American football official

Richard "Dick" Honig is a former American football official. He worked for 22 years in the Big Ten Conference (starting in 1983) and nine years in the Mid-American Conference and over 20 years as a basketball referee for the Mid-American Conference from 1978 to 2001. He also worked two years as a Reply Trainer and five years as a Rules Analyst for Big Ten Network. Working a total of 17 bowl games as an on-field official, Honig's final football game was the 2005 Sugar Bowl between Virginia Tech and Auburn. Honig's officiating career in Division I college football spans over a total of 350 games.

Honig was born on January 30, 1942. Born and raised in Detroit, Michigan, Honig began to play organized sports in high school and earned varsity letters in baseball, basketball, and football, and he received All-City and All-State honors in baseball and basketball two years in a row.

Honig is a 1963 graduate of the University of Michigan with bachelor's and master's degrees in kinesiology. He was an All-Big Ten shortstop on the Wolverines national championship baseball team in 1962. After graduating, Honig served as an assistant coach at Michigan for both the basketball and baseball teams from 1963 to 1973, which led him to his officiating career since the coaches were also officials. Many coaches at the time also officiated since coaches were not paid well at the time, making just $5,400 a year.

Honig is still involved with the Big Ten Conference in a supervisory role and operates instant replay during games. In its early years, Honig was instrumental in training officials for the European Federation of American Football, which he helped establish in 1988.

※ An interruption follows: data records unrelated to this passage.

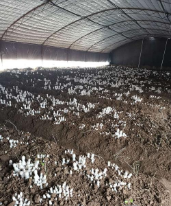 床载可节约成本,不要发菌室,只要管理得当,同样可获得高产。首先选好栽培场所(与上述出菇场相同),设置荫棚,挖宽150厘米、深20厘米的栽培沟。第二将发酵好的栽培料摊晾,分层铺于沟内,料厚15厘米,分三层播种,用种量为栽培料重量的15%。播后平整料面,稍加镇压,然后覆土4~5厘米,待菌丝长满覆土后,喷水湿润,上盖薄膜,保温保湿出菇。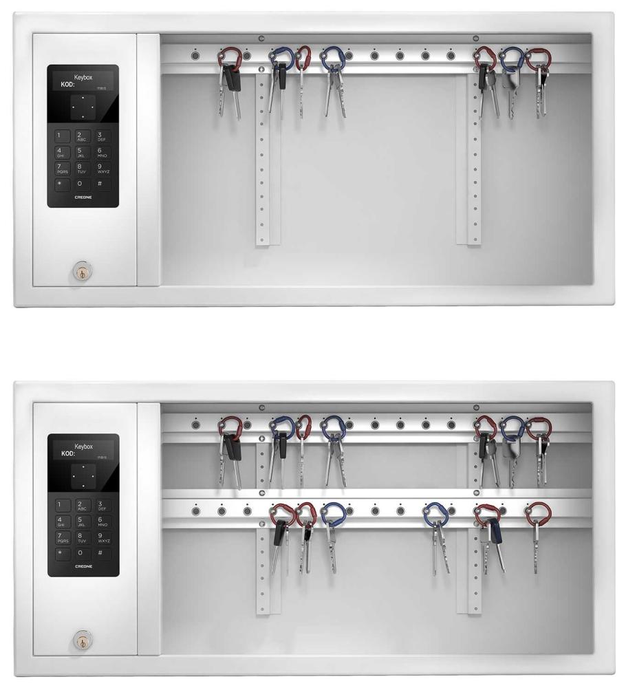 De sleutelkasten zijn verkrijgbaar in verschillende modellen met maximaal 42, 84, 210, 224 respectievelijk 924 sleutels in elke kast.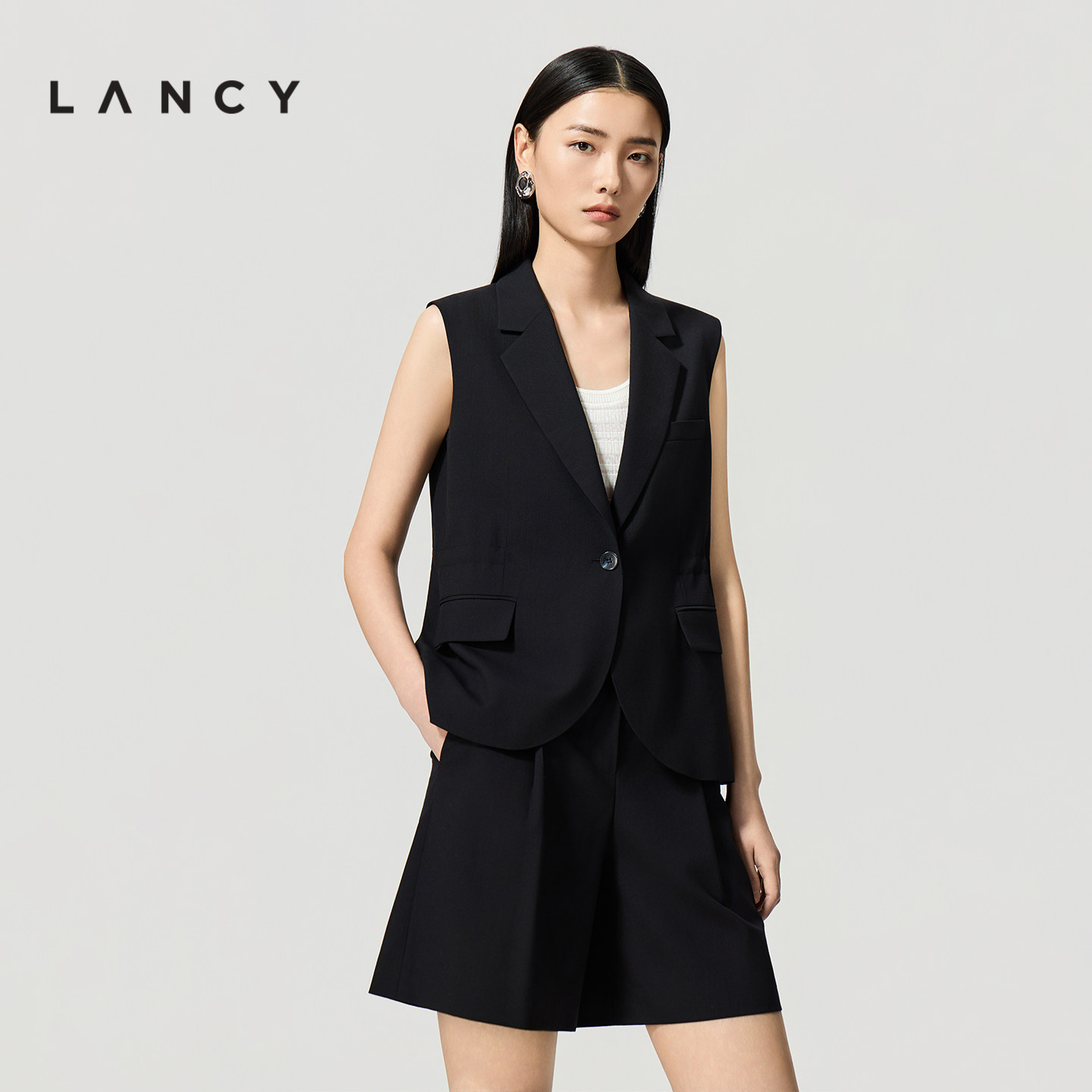 天猫【轻薄羊毛】LANCY/朗姿2026夏季新款气质通勤黑色西装马甲上衣女

In 1984, Honig started Honig's Whistle Stop, an officials' supplies company, which would later turn into one of the largest officiating supply companies in the world. Honig started the business is his basement in 1984, and quickly acquired office space a year later. Before the web, Honig's used mail-order catalog and phone sales to build its business. Honig's has expanded its operation to eight branch offices throughout the United States and Canada, and is the uniform supplier for umpires working the College World Series. Honig owned and operated the Whistle Stop up until 2017, when he sold the company and started his retirement.

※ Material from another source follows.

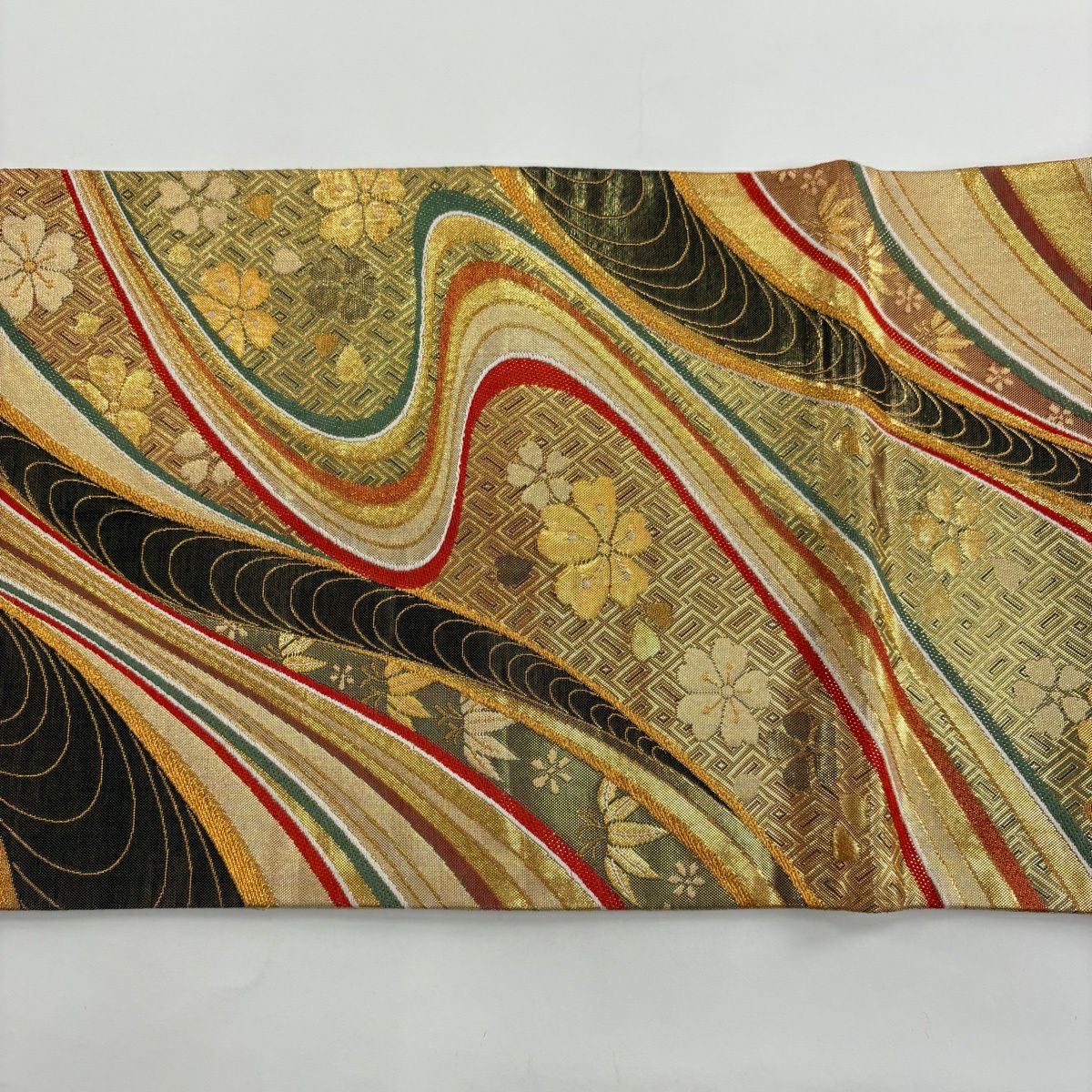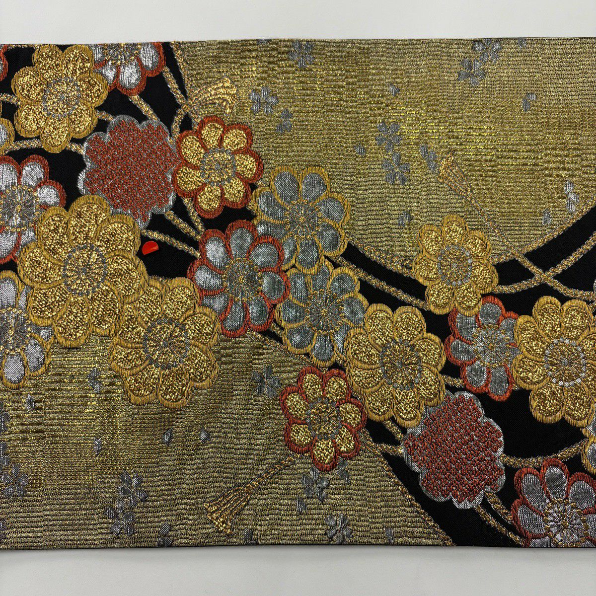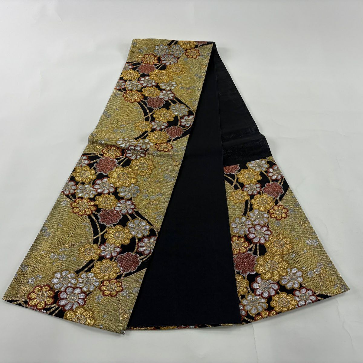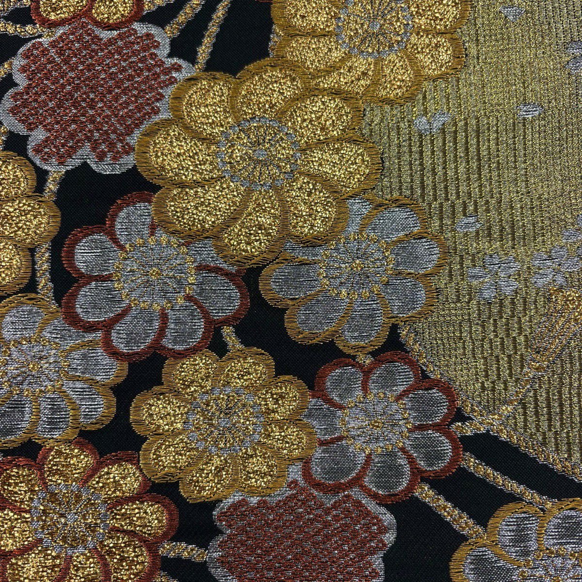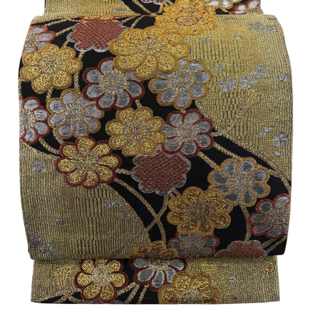 50%OFF 【美品】 袋帯 秀品 組紐 花 金色 六通 正絹 K50

Honig and his wife, Liana, have four children and reside in Ann Arbor, Michigan.

==Memorable games==
During a 2002 game between Iowa and Penn State, Honig was chased by Penn State head coach Joe Paterno following a 42–35 overtime victory by Iowa. Paterno was angered that Penn State wide receiver Tony Johnson caught a pass for a first down with both feet in bounds according to the stadium's video replay board, but the play was ruled an incompletion. The image of the coaching legend running down the official was shown repeatedly on sports highlight shows throughout the 2002 season, as many found it both amusing and amazing that a man his age could run so fast. This game was also a catalyst for the adoption of instant replay in the Big Ten Conference beginning in 2003.